The researchers express surprise at finding that no COVID-19-related publications concerning human cases describe it as a zoonotic disease, despite SARS-CoV-2 being notifiable for both humans and animals. Additionally, the publication that investigated SARS-CoV-2 in Austrian animals did not mention zoonotic potential.
The importance of studying the source-source network of zoonotic agent sharing to reveal indirect interactions is highlighted by the researchers. They present the example of an agent that is found in two sources, where its prevalence in one could affect the other, but acknowledge that indirect interactions could “lack epidemiological significance”. They show that the zoonotic agent sharing network in Austria is “organised” into six communities.
- Primarily comprising central hosts having higher values of centrality in the unipartite zoonotic agent sharing network and generally living in proximity to humans or having frequent interactions with humans. This community includes livestock, companion animals, synanthropic species, game species, and captive primates.

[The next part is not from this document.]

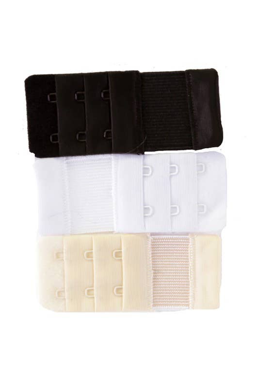 - 3 hook bra extender. - 3 pc set (black, nude, white). - One size.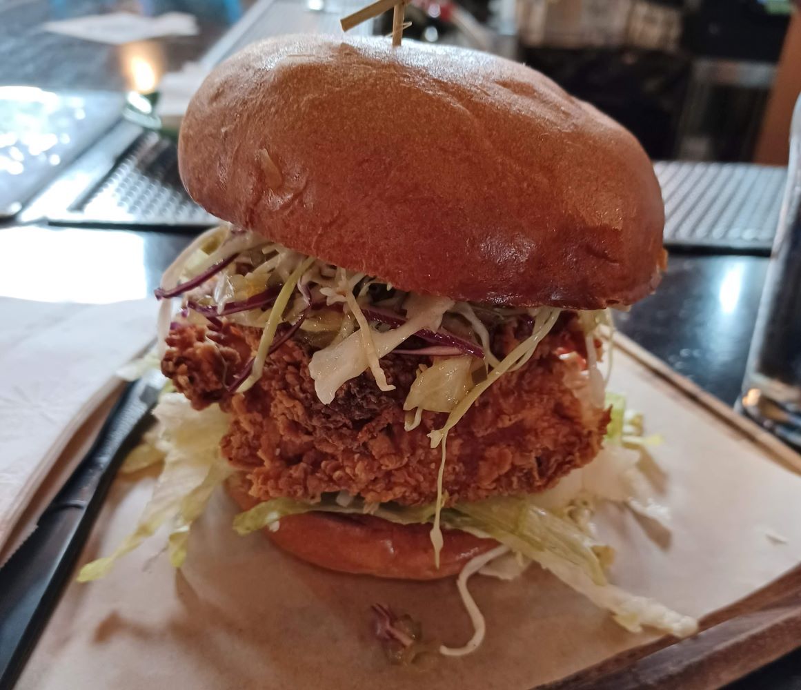 再びユニオン駅に戻りましたがまだお昼時、次は駅構内で座って食べられるお店を探してみました。多くの店はテイクアウト専門で店内にテーブルが無かったので、正面口近くにあるスポーツバー「ホームバウンド・ブリューハウスHomebound Brew Haus」を見つけここでチキンサンドをオーダーしました。

- Encompassing diverse reptiles and amphibians, including non-traditional pet (NTP) species and wild boar.
- Consisting of various avian taxa, including birds of prey, ducks, waterfowl, gamebirds, chickens, and pigeons – the hosts were broadly designated, lacking specific scientific nomenclature.
- Including various food products and environmental matrices related to food production as well as public lavatory and Meleagris gallopavo (turkey).
- Featuring mostly clustered West Nile virus (WNV) hosts and Usutu virus (USUV) hosts, including various bird species, the vector Culex, and horses.
- Representing USUV hosts and exclusively including bird species.
The highest risk of zoonotic spillover is identified from sources within the first community, where the most zoonotic agents are shared. Another observation is that a “limited number of highly connected zoonotic agents” in the bipartite zoonotic web, including USUV, S. enterica, WNV, and Influenza A, could “at least partly” drive zoonotic agent sharing community assemblage.
From the grouping of most food products into one community, the authors infer that anthropogenic activities, especially those that relate to food processing and transformation, might further influence the pattern of assembly within zoonotic source communities. This indicates that a combination of local epidemiological, ecological, human-related, and behavioural factors informs zoonotic agent sharing community patterns.
The researchers highlight the presence of central zoonotic sources in the network, with a higher number of interactions with zoonotic agents. These act as “hubs” or “bridge different zoonotic source communities” to act as “connectors”. For example, some livestock species, companion animals, wildlife, and vectors act as “bridge hosts” through which zoonotic agents can potentially spillover from maintenance populations or communities to target “protected” populations.
Implications
The authors offer a cross-disciplinary method for “unveiling the intricate web of zoonotic interactions involving multiple sources and infectious agents within an ecological system”. This approach also enables the identification of “influential” agents and sources that might have “epidemiological significance”. It could be applied in various settings to expose knowledge gaps and areas where understanding “may not always reflect on-the-ground realities”.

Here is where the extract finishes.